(Records from a data collection)
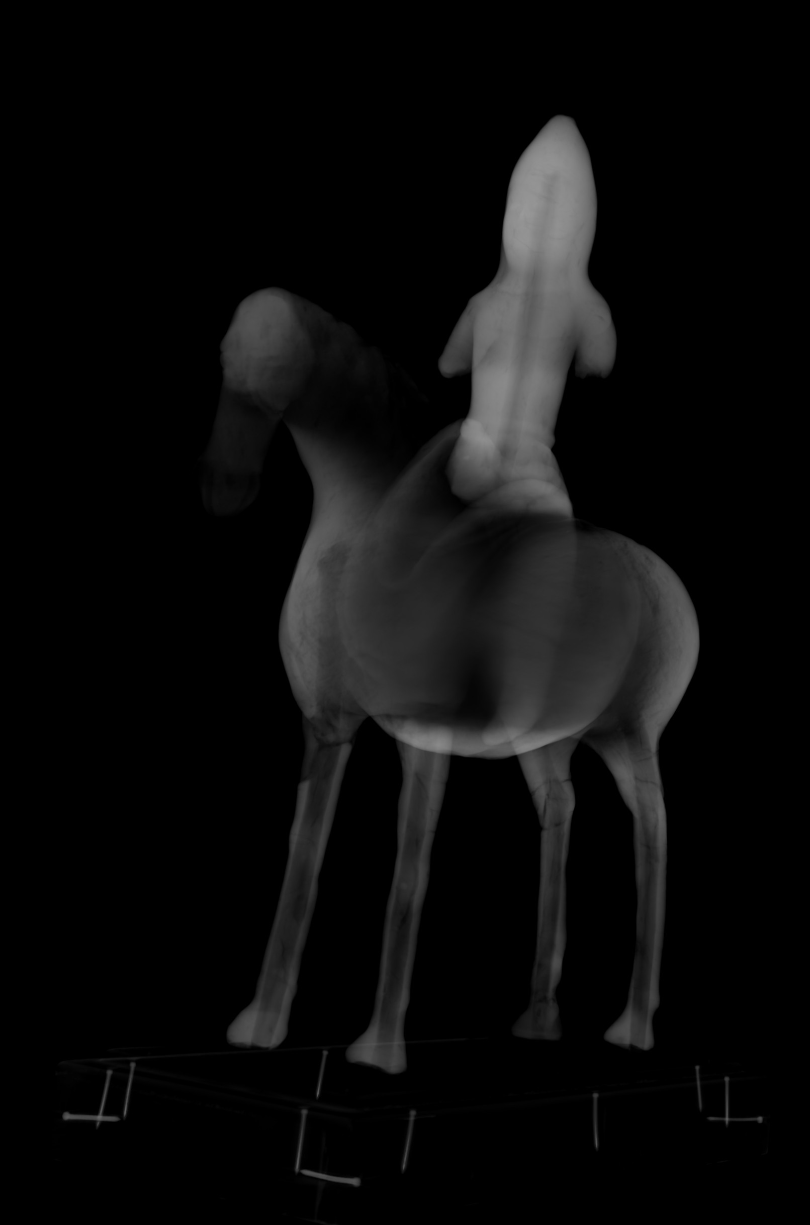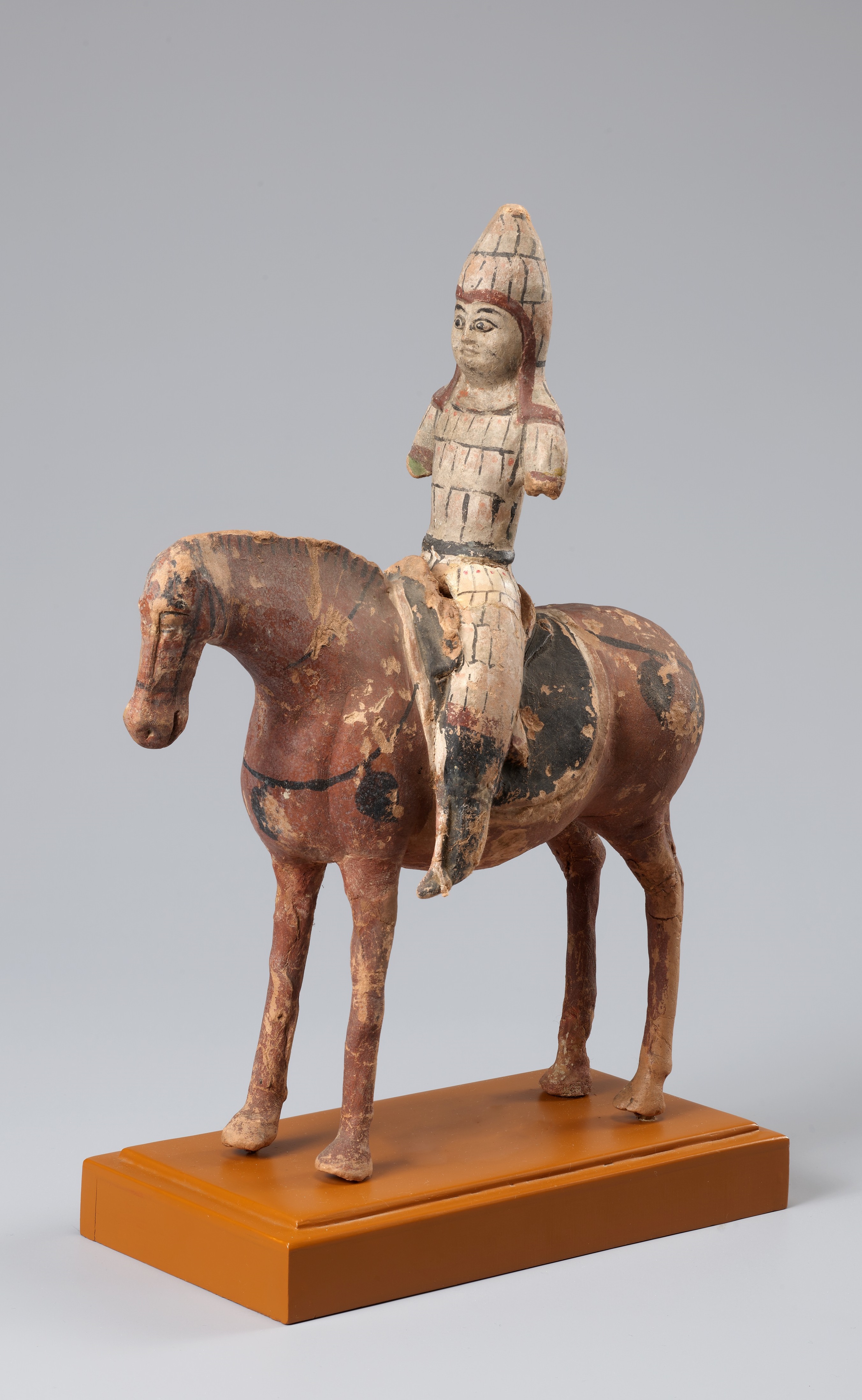 The 'Wooden Trays Used as Funerary Objects' is exhibited in a set referencing the list of items and photographs from the time of the museum’s acquisition, and the 'Figurine of Warrior Riding a Horse ' placed in the room next to the tomb was restored by reassembling fragments.
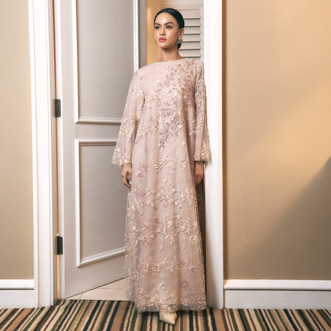 Detail Baju : Dress panjang dengan siluet A-line flowy, detail flower payet
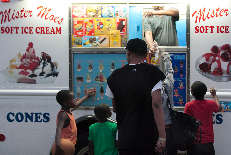 Golden light washed over the crowded pool, a tight ship run by “Ms. Joanne,” as Dendy Playground pool maintenance associate Joanne Williams-Campbell is known. (She has strict rules: no towels or shoes on the pool deck; all swimmers must shower before and after going into the water.) The water ice truck parked at the curb blared Christmas tunes while the line of antsy kids only got longer.
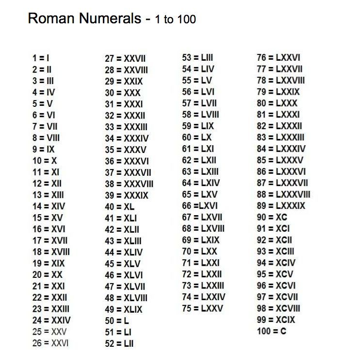 Таблица римских цифр
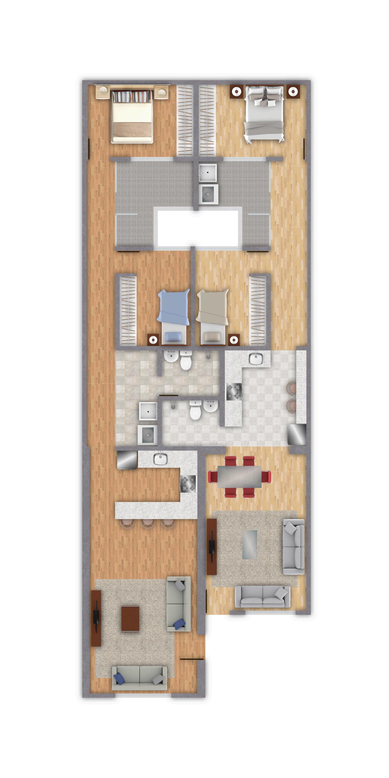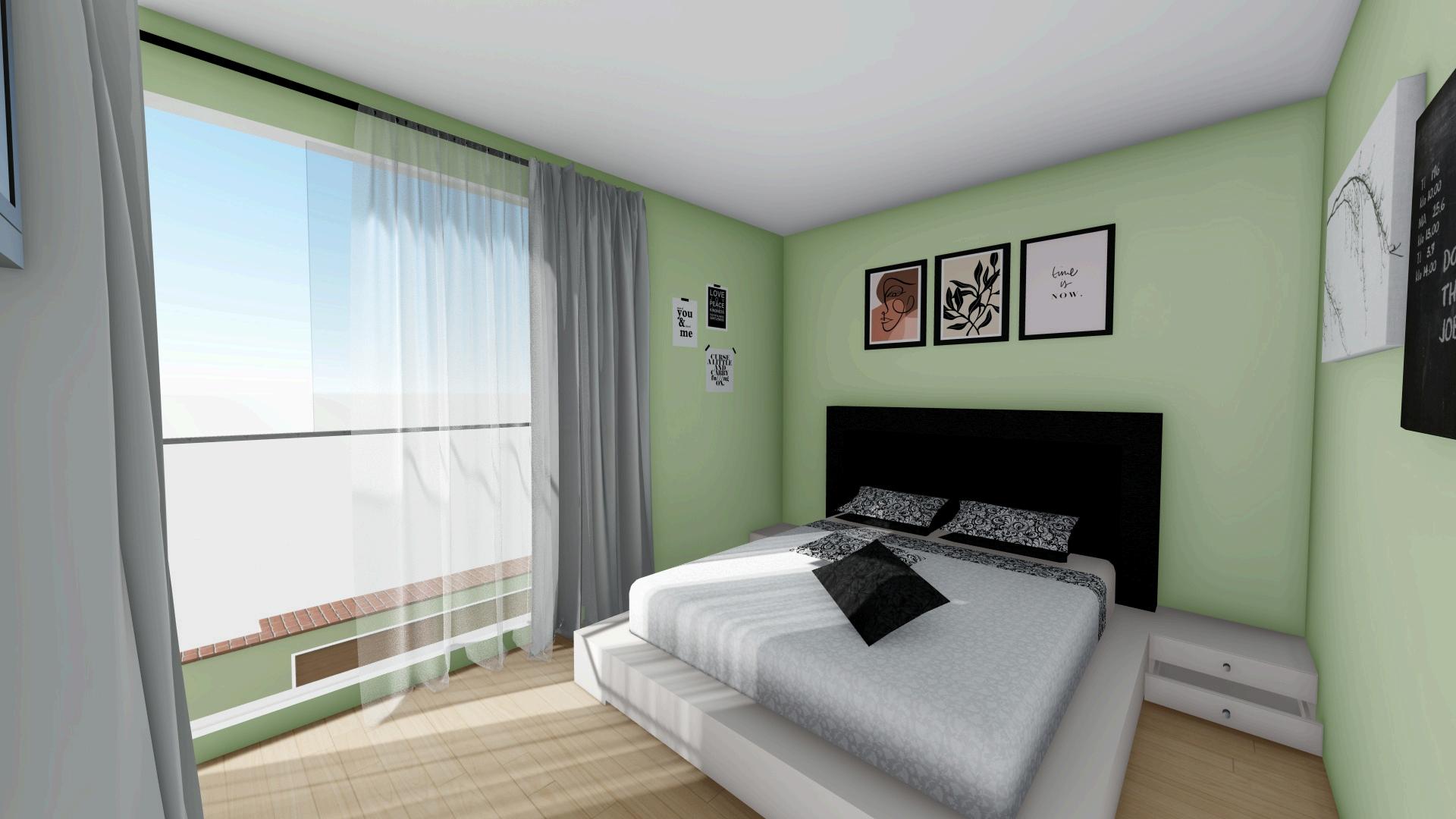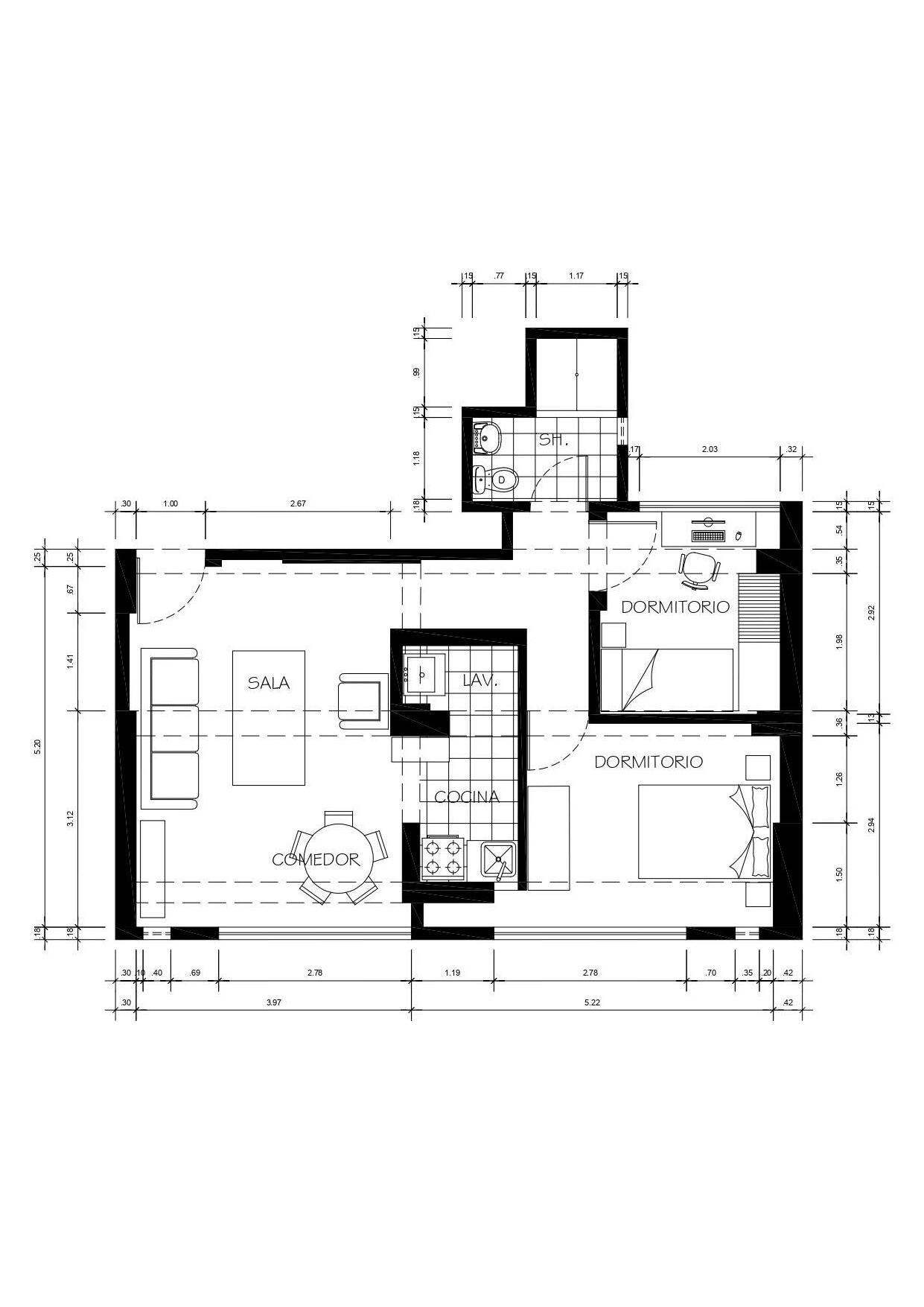 Para el siguiente proyecto se tenía una construcción existente de un departamento. El cliente solicitó una propuesta de distribución y diseño para su nueva vivienda. Se presentó dos opciones, la escogida por el cliente fue la siguiente.

Directions:
Please print every record above exactly, but leave the pictures out.

Answer for this exercise:
 The 'Wooden Trays Used as Funerary Objects' is exhibited in a set referencing the list of items and photographs from the time of the museum’s acquisition, and the 'Figurine of Warrior Riding a Horse ' placed in the room next to the tomb was restored by reassembling fragments.
 Detail Baju : Dress panjang dengan siluet A-line flowy, detail flower payet
 Golden light washed over the crowded pool, a tight ship run by “Ms. Joanne,” as Dendy Playground pool maintenance associate Joanne Williams-Campbell is known. (She has strict rules: no towels or shoes on the pool deck; all swimmers must shower before and after going into the water.) The water ice truck parked at the curb blared Christmas tunes while the line of antsy kids only got longer.
 Таблица римских цифр
 Para el siguiente proyecto se tenía una construcción existente de un departamento. El cliente solicitó una propuesta de distribución y diseño para su nueva vivienda. Se presentó dos opciones, la escogida por el cliente fue la siguiente.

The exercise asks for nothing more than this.